Note: This guacamole is meant to be chunky, so you do not need to use a food processor.

This is a fast, delicious and healthy hummus perfect for a quick appetizer or snack. It makes enough for a crowd and needs to be enjoyed soon after it is made. I usually halve the recipe when making for four people.

Avocado White Bean Dip with Roasted Garlic

2 heads of garlic

1 Tbsp olive oil

2 cans of white cannellini beans, drained and rinsed in colander

4 cups of fresh basil leaves

2 cubed avocados (peel and pit of course)

Fresh squeezed juice from 2 lemons (or limes)

A couple dashes of favorite hot sauce

1½ tsp salt

1/8 tsp ground pepper

Preheat oven to 350 degrees

Put heads of garlic in aluminum foil, drizzle with olive oil and wrap up in foil like a packet. Put in baking dish and bake around 45 minutes.

Remove from oven and let packet cool. When cool enough, pull the cloves apart and squeeze them out of their skin into food processor.

Put rest of ingredients in processor and blend until smooth.

Garnish with fresh basil and bacon bits before serving.

Great with veggie sticks or toasted pita wedges.
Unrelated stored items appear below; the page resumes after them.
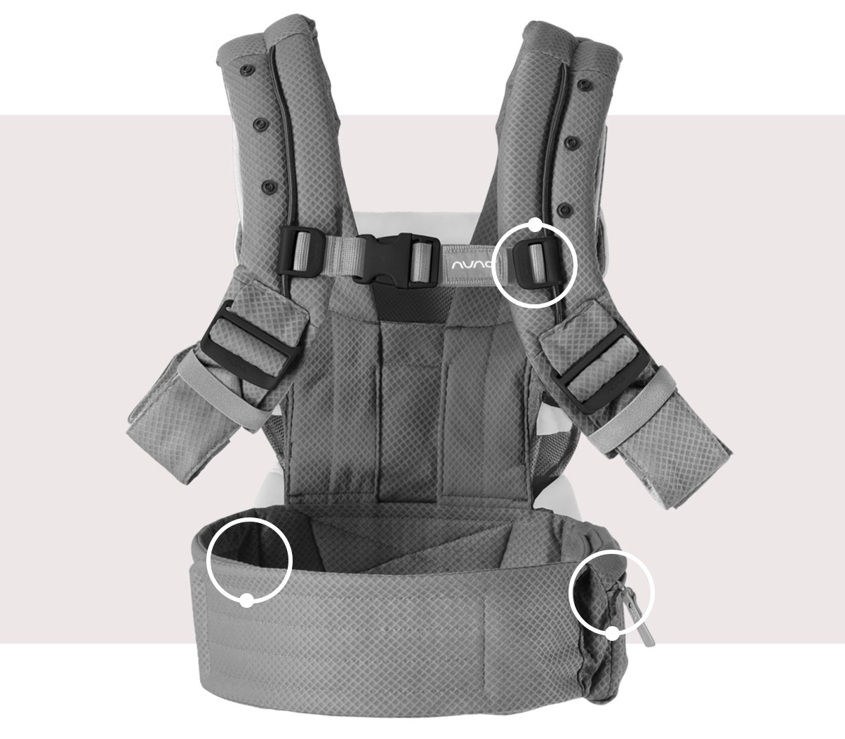 - All-over comfort from even distribution of baby’s weight thanks to padded shoulder straps and a wide secure waist belt.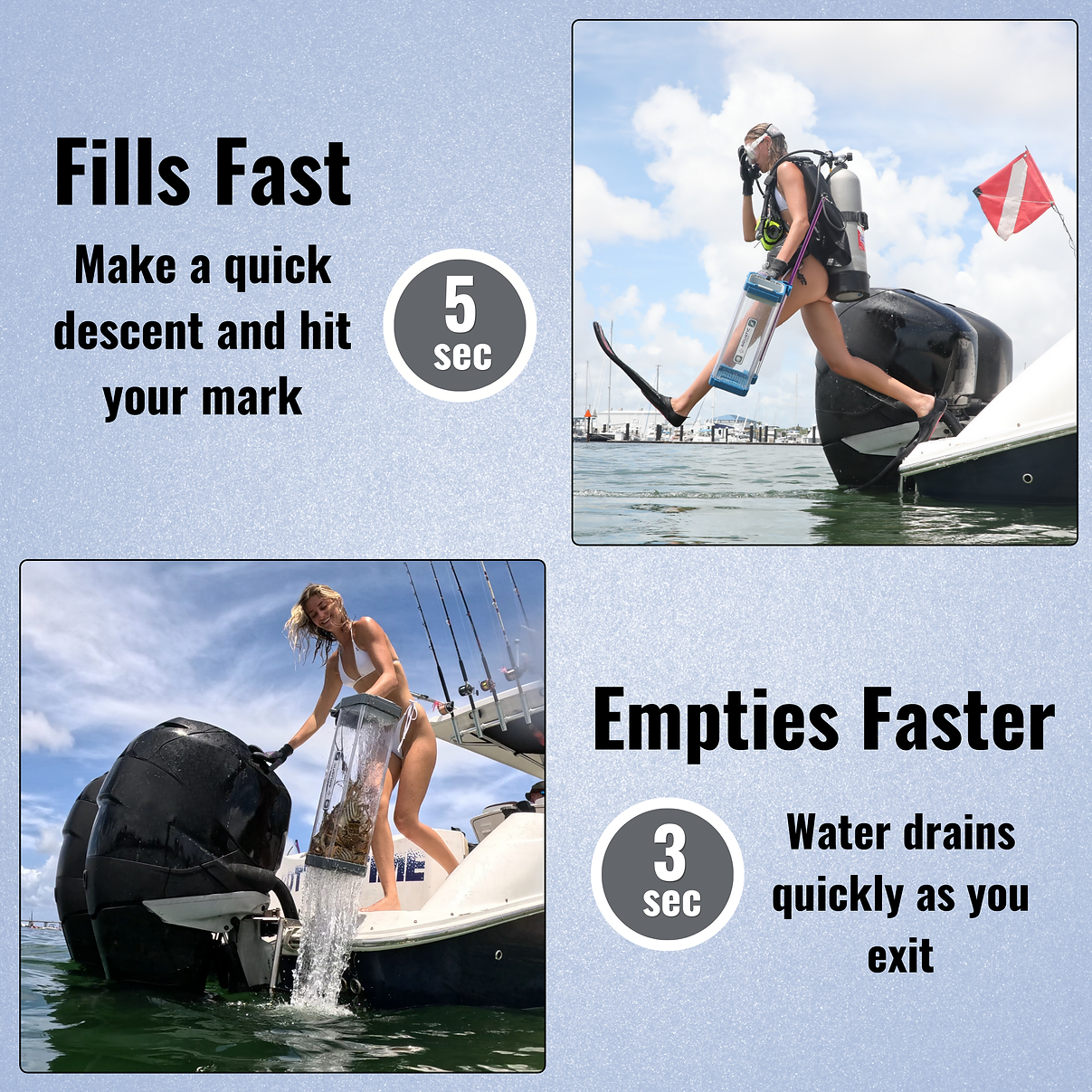 - Instant drainage when handing onto a boat or dock (3 seconds)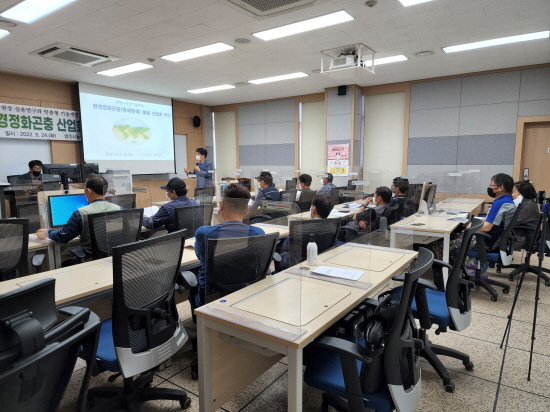음식물과 부산물을 분해하는 동애등에를 활용해 산업화와 소득화 방안 마련을 위한 이번 보고회는 곤충산업에 대한 높은 관심을 반영해 동애등에 사육 기술교육을 받는 교육생은 대면으로, 부서 관계자들은 비대면으로 진행하는 등 온‧오프라인으로 병행 실시했다.

Feeds a crowd!

Note: You can halve this recipe if you want less. This hummus does not keep well after day it is made due to the color of avocado.

Note: If you don’t have time to roast your garlic, try using the minced garlic that comes packed in oil. Taste as you add — to your liking.
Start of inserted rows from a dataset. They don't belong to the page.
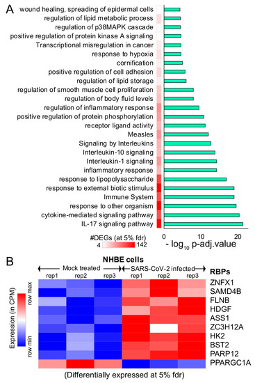 Differential expression analysis of mock-treated vs. SARS-CoV-2-infected primary human lung epithelial cells. (A) Bar plot illustrating the significant pathways obtained from the Gene Ontology (GO) term-based functional grouping of Differentially Expressed Genes (DEGs) at 5% False Discovery Rate (FDR) using ClueGO analysis (Cytoscape plugin) (B) Row normalized expression profile of differentially expressed RBPs in mock-treated and SARS-CoV-2-infected primary human lung epithelial cells (in biological triplicates). NHBE: normal vs. SARS-CoV-2-infected human bronchial epithelial cells.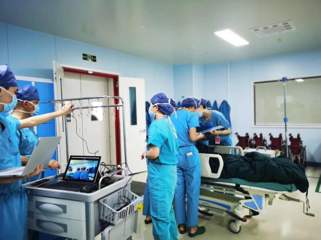 在神經(jīng)內(nèi)科病區(qū)住院的李爺爺突然發(fā)生心臟驟停,值班護(hù)士立即進(jìn)行心肺復(fù)蘇并呼叫消控中心請求啟動999急救。短短三分鐘內(nèi),急救小組攜帶藥品及器械趕來。凌晨三點(diǎn),在醫(yī)護(hù)人員的全力搶救下,70歲的李爺爺終于恢復(fù)自主呼吸。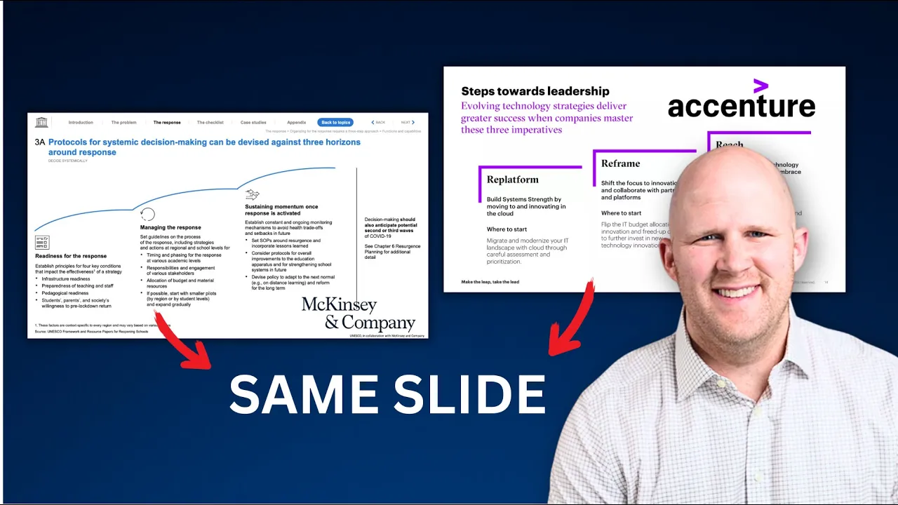 in the next 10 minutes I'm going to teach you how to build 90% of the PowerPoint slides you're ever going to need to build especially if you work in a PowerPoint heavy career like Consulting Finance or strategy one of our most requested video topics is how to build popular PowerPoint slides so to prep for that I recently went through as many presentations as I could get my hands on mostly from bigname consulting firms like McKenzie Bane and BCG and I found something really interesting most of these consulting firms tend to use the same slide layouts

Jennifer King Ferreira grew up in Kingsport, where she received her first cooking experiences from her grandmother, Genevieve Shivell. She is the past owner of the Abingdon General Store and Plum Alley Eatery, a gourmet store and restaurant in Abingdon, Va., and serves as marketing and public relations specialist for the Southwest Virginia Higher Education Center and the Cooking Along the Crooked Road Culinary Program.